Run a single scenario

make test-quickstart
make test-multi-catalog
make test-multi-space
make test-per-space
make test-promote
make test-multi-env
make test-attach-promote
make test-self-service-genie
make test-abac-only
make test-multi-space-import
make test-genie-only
make test-genie-import-no-abac
make test-country-overlay
make test-industry-overlay
make test-aus-bank-demo
make test-india-bank-demo
make test-asean-bank-demo

# All targets accept WAREHOUSE_ID= and KEEP_DATA=1
make test-promote WAREHOUSE_ID=abc123ef KEEP_DATA=1

Run directly with Python

# List available scenarios
python scripts/run_integration_tests.py --list

# Run all
python scripts/run_integration_tests.py

# Run one scenario
python scripts/run_integration_tests.py --scenario quickstart
python scripts/run_integration_tests.py --scenario per-space --keep-data

# Pin a warehouse
python scripts/run_integration_tests.py --warehouse-id abc123ef

# Non-default auth file
python scripts/run_integration_tests.py --auth-file envs/dev/auth.auto.tfvars

Scenario Details

1. quickstart — Single space, single catalog

Validates the core quickstart from docs/playbook.md § 1 with a single Genie Space backed by dev_fin.

Steps:

Step Action
1 Create dev_fin test catalogs and sample data
2 Configure dev env: one space "Finance Analytics" with dev_fin.* tables
3 make generate ENV=dev — LLM generates ABAC config and masking functions
4 Assert generated/abac.auto.tfvars and generated/spaces/finance_analytics/ created
5 make apply ENV=dev — deploys account, data_access, workspace layers
6 Assert .genie_space_id_finance_analytics file exists
7 setup_test_data.py --verify — row counts, column tags, column masks
8 Teardown data + Terraform resources

Key assertions:

  • generated/abac.auto.tfvars contains Finance Analytics genie_space_configs entry
  • generated/spaces/finance_analytics/abac.auto.tfvars exists (per-space dir bootstrapped)
  • .genie_space_id_* file created after apply
  • Row counts ≥ expected for all dev_fin tables
  • Column tags and masking policies applied

2. multi-catalog — One space spanning two catalogs

Validates the "single space spanning multiple catalogs" pattern from playbook.md § 1. One space ("Combined Analytics") draws tables from both dev_fin and dev_clinical.

Key assertions:

  • generated/abac.auto.tfvars contains Combined Analytics and references both dev_fin and dev_clinical
  • Only one Genie Space deployed
  • Column tags applied across both catalogs

3. multi-space — Two spaces, separate catalogs

Validates the two-space multi-catalog flow from playbook.md § 1. Finance Analytics uses dev_fin; Clinical Analytics uses dev_clinical.
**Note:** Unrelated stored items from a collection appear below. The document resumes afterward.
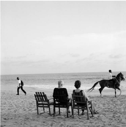
Akinbode Akinbiyi, Bar Beach, Victoria Island, 1999. Aus der Serie: „Sea Never Dry“, seit den 1980er Jahren
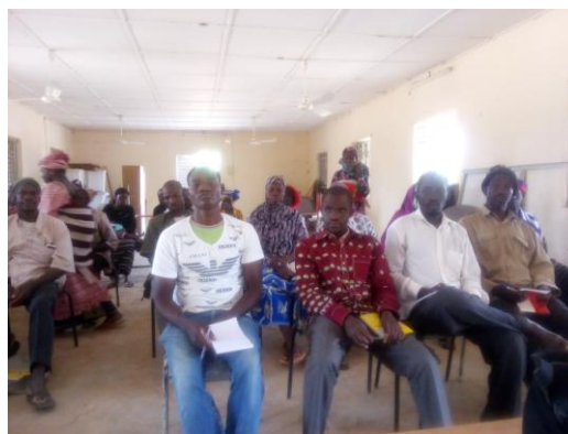
Photos des participants lors de la formation.
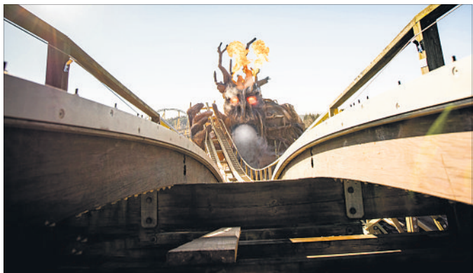
Eine der Hauptattraktionen des Heide-Parks: die Holzachterbahn Colossos.

Die 6. Kammer des Verwaltungsgerichts Lüneburg hatte mit Beschluss vom 20. April in einem Eilverfahren vorläufig festgestellt, dass die Betreiber des Heide-Parks Soltau ihren Freizeitpark unter Einhaltung eines strengen Hygienekonzepts öffnen dürfen. Die Kammer war zu der Überzeugung gelangt, dass das Öffnungsverbot die Heide-Park-Betreiber angesichts des von ihnen erarbeiteten umfassenden Hygienekonzepts in ihrem Recht unverhältnismäßig einschränke.
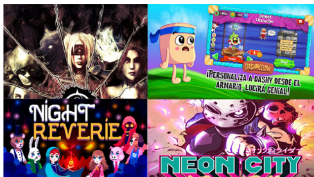
Figura 7 / Videojuegos del auto-borramiento

Más allá de lo expresado, este trabajo no quiere ser únicamente un punteo de los problemas en las representaciones latinas de los videojuegos que nos llegan de la cultura occidental dominante. Resulta muy interesante pensar qué sucede con los videojuegos producidos aquí, en Latinoamérica, porque en principio, una solución rápida al problema sería dar vuelta el asunto: si los juegos hechos por el “centro” para la “periferia” contienen imágenes estereotípicas de esta última, pues entonces habría que dejar a la periferia que hable por sí misma, como argumentarían con justicia los estudios decoloniales. Ahora bien, cuando volteamos a ver los videojuegos producidos por personas o empresas latinas nos encontramos con otra complicación: o bien estos juegos reproducen el estereotipo positivo, exótico y fácilmente exportable de una Latinoamérica pre-moderna, bucólica e inocente donde reina la naturaleza y la magia de los pueblos originarios ( Mulaka o Guacamelee! de México, Tunche de Perú) 2 ; o bien, y estos son los más, no tienen ningún rasgo latino distintivo y más allá de lo valorables que sean podrían haber sido hechos en cualquier parte, ya que recaen en una “normalidad” que evidentemente responde al sesgo occidental y no se preocupan por representar a los pueblos latinos ( Neon City Raiders de México, What the Duck de Brasil, Dashmellow de Colombia, Madison de Argentina, Omen of Sorrow de Chile, Night Reverie de Perú).

This is the core of the original make integration-test flow.

Key assertions:

  • generated/abac.auto.tfvars contains both Finance Analytics and Clinical Analytics entries
  • generated/spaces/finance_analytics/ and generated/spaces/clinical_analytics/ both bootstrapped
  • Two .genie_space_id_* files created
  • Row counts and ABAC verified for both catalogs

4. per-space — Incremental space addition (isolation test)
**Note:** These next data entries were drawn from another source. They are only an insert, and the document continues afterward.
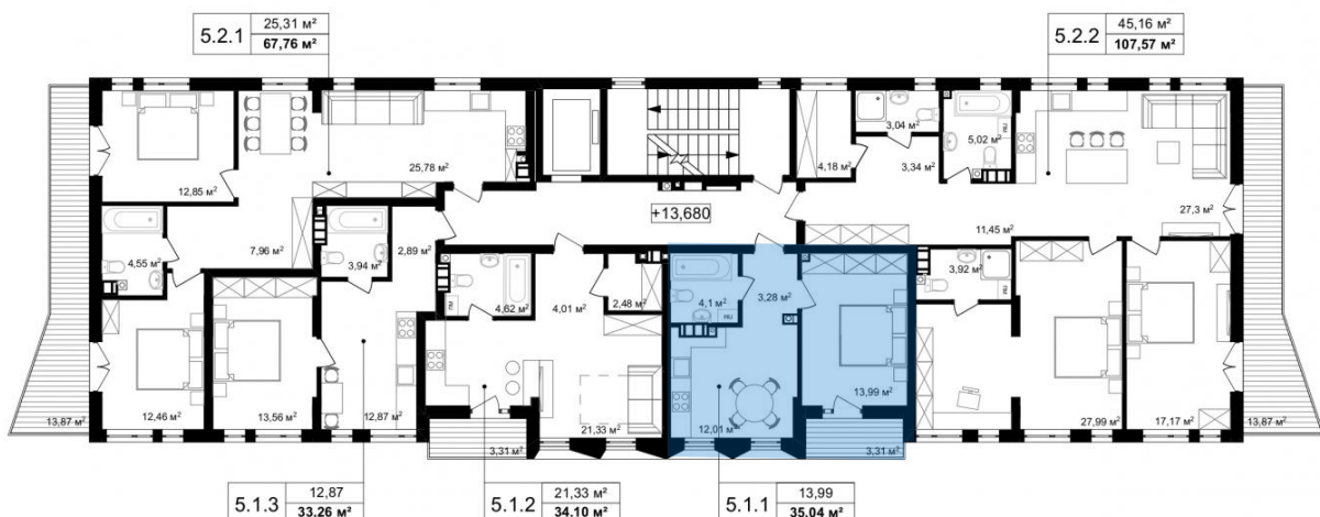
Схема розміщення на поверсі
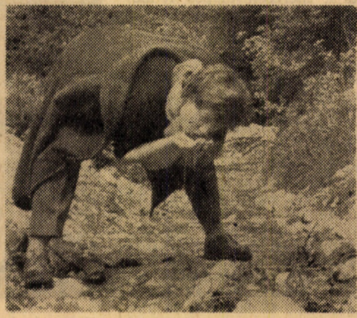
Mások megküzdöttek az akadályokkal
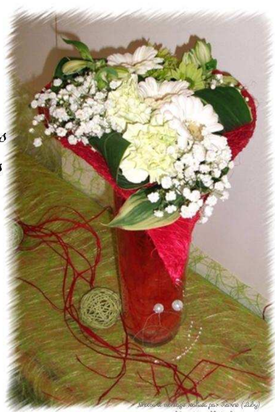
Cours 14h du 07/02/2012 - Amourette

Agrafeuse, ciseaux, couteau, pince coupante
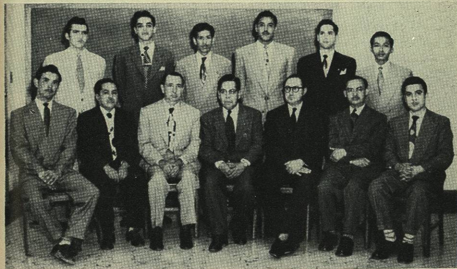
Grupo de Alumnos del Primer Año de Estudios Profesionales, en compañía del Director, del Secretario y algunos Profesores de la Escuela.
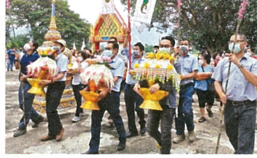
ร่วมเป็นเจ้าภาพทอดกฐินสามัคคีประจำปี 2564 ณ วัดหนองสองตอน ตำบลพุกวาง
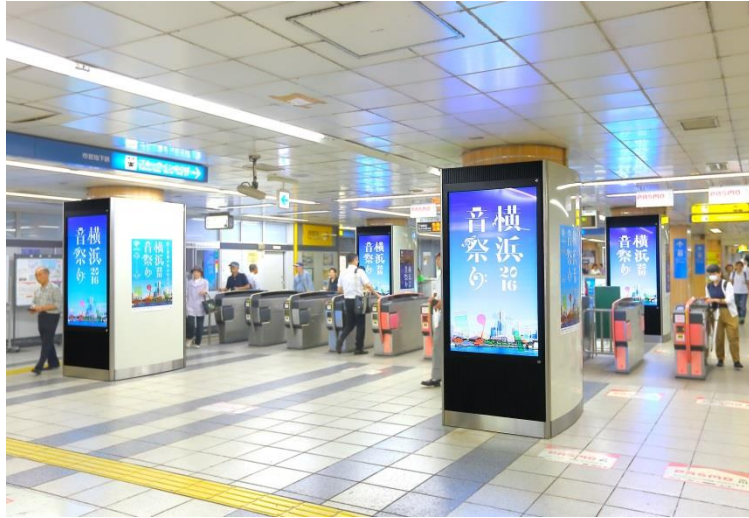
【側面ポスターセット 掲出イメージ】

横浜市営地下鉄で初のデジタルサイネージ媒体誕生！！ 改札へ向かう利用客の導線垂直に広告面が見えるため、非常に視認性の高い媒体です。デジタルサイネージ放映と、側面へのB1ポスター・全面シート貼掲出により、強力な情報発信ができます。
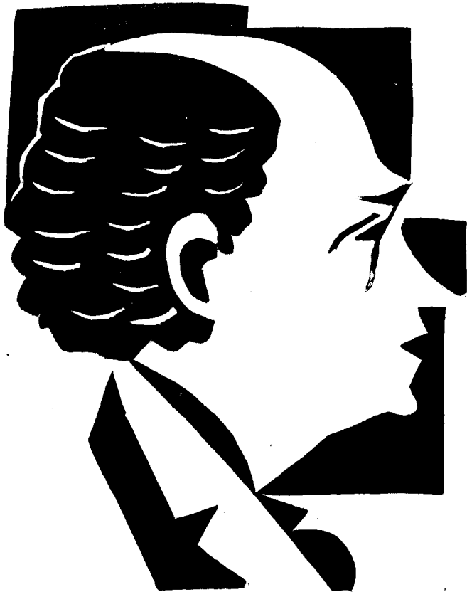
(Linòleum de J. M. a Dou)

Acaba dient que confia en aquesta voluntat per aconseguir la llibertat integral de la nostra terra. Una gran ovació i sincera va acollir les seves paraules finals, així com en diversos passatges del seu interessant discurs.
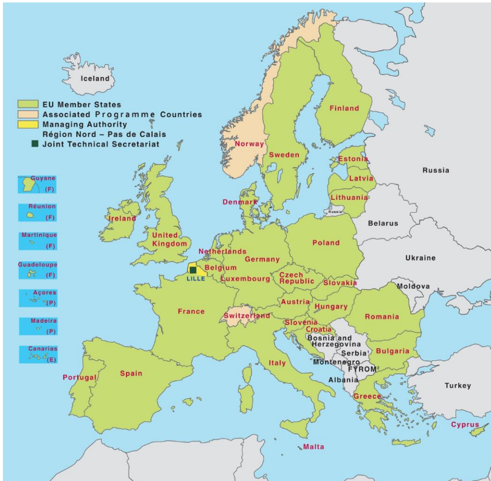
Territorio elegible para el programa Interreg Europe .

La Cooperación Interregional cuenta con un único programa, denominado Interreg Europe , con un presupuesto total de 359 millones de € para el periodo 2014-2020. Actualmente está abierta la que posiblemente sea la última convocatoria de este programa. El programa prima la innovación de las propuestas, así como la experiencia de los consorcios solicitantes, principalmente.
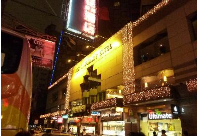
ホテル キンバリー 香港宿泊先
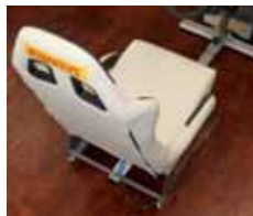
Sich fühlen, wie im Cockpit eines Rennwagens

Dass der verkaufsoffene Sonntag am 6. Juli ein voller Erfolg wird, dafür setzen die Organisatoren um Sonja Kleeschulte auch in diesem Jahr wieder alle Hebel in Bewegung. Sie versprechen einen erlebnisreichen und schönen Tag für die ganze Familie.
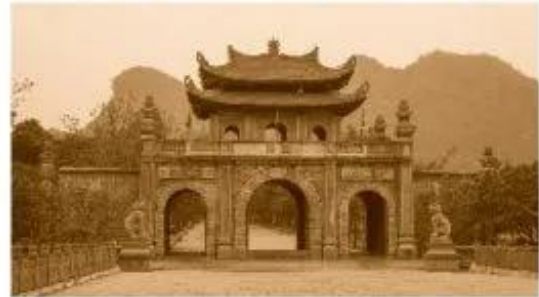
Cố đô Hoa Lư (Ninh Bình)
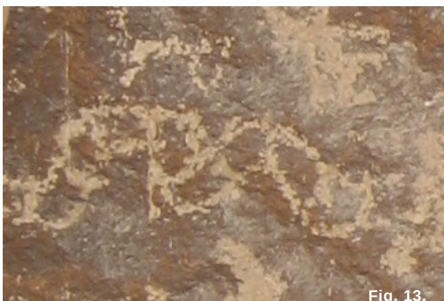
Fig. 13 Representación de serpiente al parecer imitando el diseño de la figura 12
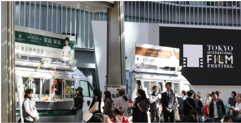
東京映画食堂 (日本の食イベント)
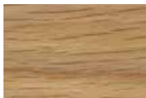
Eiche natur geölt
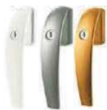
Roto Swing zamykací
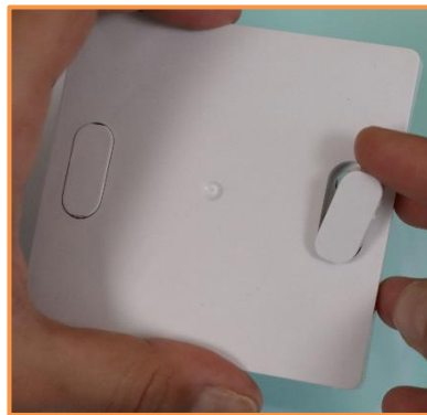
Insérer les capuchons de finition dans leur logement
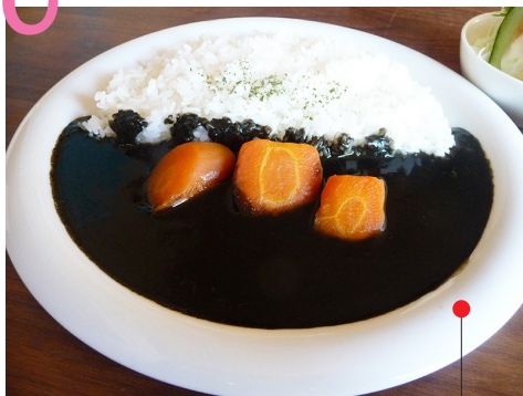
大村あま辛黒カレー

Validates the per-space generation isolation guarantee from playbook.md § 4.

Phase 1: Deploy Finance Analytics only.

Phase 2: Add Clinical Analytics using make generate SPACE="Clinical Analytics" — without triggering a full LLM re-run over Finance Analytics.

Key assertions:

  • After full generate: Finance Analytics in assembled output, Clinical Analytics absent
  • generated/spaces/finance_analytics/abac.auto.tfvars content is byte-for-byte unchanged after the per-space generate for Clinical Analytics
  • Assembled generated/abac.auto.tfvars contains both spaces after merge
  • generated/spaces/clinical_analytics/abac.auto.tfvars created by SPACE= generate
  • Both Genie Spaces deployed after final apply

5. promote — dev → prod cross-env promotion

Validates the full dev → prod promotion from playbook.md § 5.

Catalog mapping: dev_fin → prod_fin, dev_clinical → prod_clinical

Steps:

Step Action
1 Create dev + prod test catalogs
2 Configure dev: two spaces (Finance + Clinical)
3 make generate ENV=dev + make apply ENV=dev
4 Verify dev data + ABAC
5 make promote SOURCE_ENV=dev DEST_ENV=prod DEST_CATALOG_MAP=dev_fin=prod_fin,dev_clinical=prod_clinical
6 make apply ENV=prod
7 setup_test_data.py --verify-prod
8 Teardown both envs

Key assertions:

  • envs/prod/env.auto.tfvars written by promote with prod_fin catalog references
  • envs/prod/generated/abac.auto.tfvars contains remapped prod catalog names
  • Prod column tags and masking policies applied

6. multi-env — Two independent envs (BU scenario)

Validates the independent second environment from playbook.md § 6.

  • dev env: Finance Analytics backed by dev_fin
  • bu2 env: Clinical Analytics backed by dev_clinical
  • Both envs use the same Databricks workspace and account
  • Each has its own make generate + make apply cycle with completely separate generated config and Terraform state

Key assertions:

  • dev/generated/abac.auto.tfvars contains Finance Analytics, not Clinical Analytics
  • bu2/generated/abac.auto.tfvars contains Clinical Analytics, not Finance Analytics
  • envs/dev/terraform.tfstate and envs/bu2/terraform.tfstate exist and differ
  • Finance Analytics Genie Space deployed in dev, Clinical Analytics deployed in bu2

7. attach-promote — Attach to UI-created space and promote to prod

Validates the "Import an existing Genie Space" flow from playbook.md § 3, combined with a dev → prod promotion. This is the adoption story: a data team already built a Genie Space in the Databricks UI and now wants to bring it under ABAC governance.

Phase 1 — Simulate UI configuration:

A Finance Analytics Genie Space is created directly via the Genie REST API (POST /api/2.0/genie/spaces) with dev_fin tables. This represents the space a data team built in the UI before this tool was adopted.

Phase 2 — Attach with explicit uc_tables:

env.auto.tfvars is configured with genie_space_id and explicit uc_tables. The Genie API's serialized_space field is not immediately available for newly-created spaces (async processing, can take several minutes), so the test provides the table list directly rather than relying on auto-discovery. This simulates the playbook.md manual step: the user runs make generate (which logs discovered tables), then copies them into data_access/env.auto.tfvars.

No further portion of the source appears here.